### ABOUT THIS EXERCISE
Output the lines below exactly, please, from the first line until the line with "The below takes", counting both.

<<<<

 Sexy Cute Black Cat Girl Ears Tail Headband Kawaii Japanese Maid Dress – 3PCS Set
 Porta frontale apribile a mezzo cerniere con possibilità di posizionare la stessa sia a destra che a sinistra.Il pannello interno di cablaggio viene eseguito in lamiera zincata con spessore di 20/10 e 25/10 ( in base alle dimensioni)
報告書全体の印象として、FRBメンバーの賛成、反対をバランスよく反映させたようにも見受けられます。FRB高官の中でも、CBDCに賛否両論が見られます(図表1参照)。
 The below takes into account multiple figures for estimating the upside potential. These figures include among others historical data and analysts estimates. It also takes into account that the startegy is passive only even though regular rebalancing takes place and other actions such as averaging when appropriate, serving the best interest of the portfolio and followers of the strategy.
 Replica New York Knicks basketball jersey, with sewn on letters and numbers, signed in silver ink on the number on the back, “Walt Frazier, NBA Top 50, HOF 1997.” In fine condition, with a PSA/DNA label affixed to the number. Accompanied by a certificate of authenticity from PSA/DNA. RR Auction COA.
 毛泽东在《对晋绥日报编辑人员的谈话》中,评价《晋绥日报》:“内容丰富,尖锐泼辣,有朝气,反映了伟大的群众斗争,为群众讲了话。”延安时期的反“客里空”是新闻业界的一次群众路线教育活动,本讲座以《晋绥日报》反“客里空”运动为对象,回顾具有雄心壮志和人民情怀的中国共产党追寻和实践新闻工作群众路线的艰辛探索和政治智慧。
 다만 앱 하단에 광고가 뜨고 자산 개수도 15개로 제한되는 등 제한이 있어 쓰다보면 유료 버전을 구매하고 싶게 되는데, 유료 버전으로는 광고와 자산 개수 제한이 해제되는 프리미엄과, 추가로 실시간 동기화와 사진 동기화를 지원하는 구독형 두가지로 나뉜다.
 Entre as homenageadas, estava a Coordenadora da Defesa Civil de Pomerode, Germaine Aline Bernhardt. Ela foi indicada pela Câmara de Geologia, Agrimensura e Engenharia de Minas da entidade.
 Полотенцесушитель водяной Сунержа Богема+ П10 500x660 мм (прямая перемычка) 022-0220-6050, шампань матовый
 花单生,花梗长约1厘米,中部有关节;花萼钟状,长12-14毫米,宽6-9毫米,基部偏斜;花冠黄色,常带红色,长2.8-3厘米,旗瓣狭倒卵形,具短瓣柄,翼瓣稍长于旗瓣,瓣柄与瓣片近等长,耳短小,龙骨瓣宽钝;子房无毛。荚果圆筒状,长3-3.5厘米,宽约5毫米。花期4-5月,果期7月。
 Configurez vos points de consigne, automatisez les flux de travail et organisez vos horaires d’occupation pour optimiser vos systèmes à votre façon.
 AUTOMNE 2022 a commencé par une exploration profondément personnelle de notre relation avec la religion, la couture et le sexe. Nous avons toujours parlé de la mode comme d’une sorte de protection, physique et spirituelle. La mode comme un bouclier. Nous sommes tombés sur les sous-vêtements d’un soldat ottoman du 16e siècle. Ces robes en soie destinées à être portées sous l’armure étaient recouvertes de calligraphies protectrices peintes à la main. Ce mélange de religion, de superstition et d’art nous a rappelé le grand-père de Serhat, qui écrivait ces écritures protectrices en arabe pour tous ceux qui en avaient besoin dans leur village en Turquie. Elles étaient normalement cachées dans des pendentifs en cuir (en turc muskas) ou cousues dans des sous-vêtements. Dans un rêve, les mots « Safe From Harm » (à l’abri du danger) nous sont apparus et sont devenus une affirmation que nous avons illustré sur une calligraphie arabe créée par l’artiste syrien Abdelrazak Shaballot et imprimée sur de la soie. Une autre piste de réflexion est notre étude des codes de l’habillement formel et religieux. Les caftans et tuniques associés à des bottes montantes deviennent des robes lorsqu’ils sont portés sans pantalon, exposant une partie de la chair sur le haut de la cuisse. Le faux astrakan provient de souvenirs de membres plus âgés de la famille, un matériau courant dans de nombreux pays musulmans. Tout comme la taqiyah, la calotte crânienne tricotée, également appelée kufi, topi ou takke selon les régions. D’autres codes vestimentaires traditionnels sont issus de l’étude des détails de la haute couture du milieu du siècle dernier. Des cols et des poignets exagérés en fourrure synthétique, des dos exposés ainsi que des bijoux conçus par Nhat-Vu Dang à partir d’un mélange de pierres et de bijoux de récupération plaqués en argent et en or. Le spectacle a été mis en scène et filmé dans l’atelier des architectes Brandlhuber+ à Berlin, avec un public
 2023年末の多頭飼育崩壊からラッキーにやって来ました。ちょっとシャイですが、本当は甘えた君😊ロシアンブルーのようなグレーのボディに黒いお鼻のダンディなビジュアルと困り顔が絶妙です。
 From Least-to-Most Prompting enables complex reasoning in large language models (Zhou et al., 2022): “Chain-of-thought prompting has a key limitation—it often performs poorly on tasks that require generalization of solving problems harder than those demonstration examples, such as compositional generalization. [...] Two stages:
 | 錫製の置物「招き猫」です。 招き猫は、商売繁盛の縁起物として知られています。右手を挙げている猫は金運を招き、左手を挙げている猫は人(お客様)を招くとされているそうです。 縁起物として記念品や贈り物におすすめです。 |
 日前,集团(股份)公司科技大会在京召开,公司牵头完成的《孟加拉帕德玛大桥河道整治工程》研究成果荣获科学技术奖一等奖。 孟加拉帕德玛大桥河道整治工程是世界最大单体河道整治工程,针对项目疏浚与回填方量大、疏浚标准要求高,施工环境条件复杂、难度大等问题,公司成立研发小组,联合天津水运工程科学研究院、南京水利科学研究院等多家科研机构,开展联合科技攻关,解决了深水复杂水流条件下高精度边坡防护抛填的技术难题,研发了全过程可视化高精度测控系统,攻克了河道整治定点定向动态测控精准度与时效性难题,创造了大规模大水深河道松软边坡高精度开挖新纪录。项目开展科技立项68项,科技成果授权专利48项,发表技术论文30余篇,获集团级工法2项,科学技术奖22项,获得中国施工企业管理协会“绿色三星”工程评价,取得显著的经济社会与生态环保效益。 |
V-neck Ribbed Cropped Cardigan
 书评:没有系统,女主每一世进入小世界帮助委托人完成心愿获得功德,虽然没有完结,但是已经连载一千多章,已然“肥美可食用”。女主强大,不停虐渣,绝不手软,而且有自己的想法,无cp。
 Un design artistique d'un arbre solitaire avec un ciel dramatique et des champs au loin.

>>>>

### WRITTEN ANSWER
 Sexy Cute Black Cat Girl Ears Tail Headband Kawaii Japanese Maid Dress – 3PCS Set
 Porta frontale apribile a mezzo cerniere con possibilità di posizionare la stessa sia a destra che a sinistra.Il pannello interno di cablaggio viene eseguito in lamiera zincata con spessore di 20/10 e 25/10 ( in base alle dimensioni)
報告書全体の印象として、FRBメンバーの賛成、反対をバランスよく反映させたようにも見受けられます。FRB高官の中でも、CBDCに賛否両論が見られます(図表1参照)。
 The below takes into account multiple figures for estimating the upside potential. These figures include among others historical data and analysts estimates. It also takes into account that the startegy is passive only even though regular rebalancing takes place and other actions such as averaging when appropriate, serving the best interest of the portfolio and followers of the strategy.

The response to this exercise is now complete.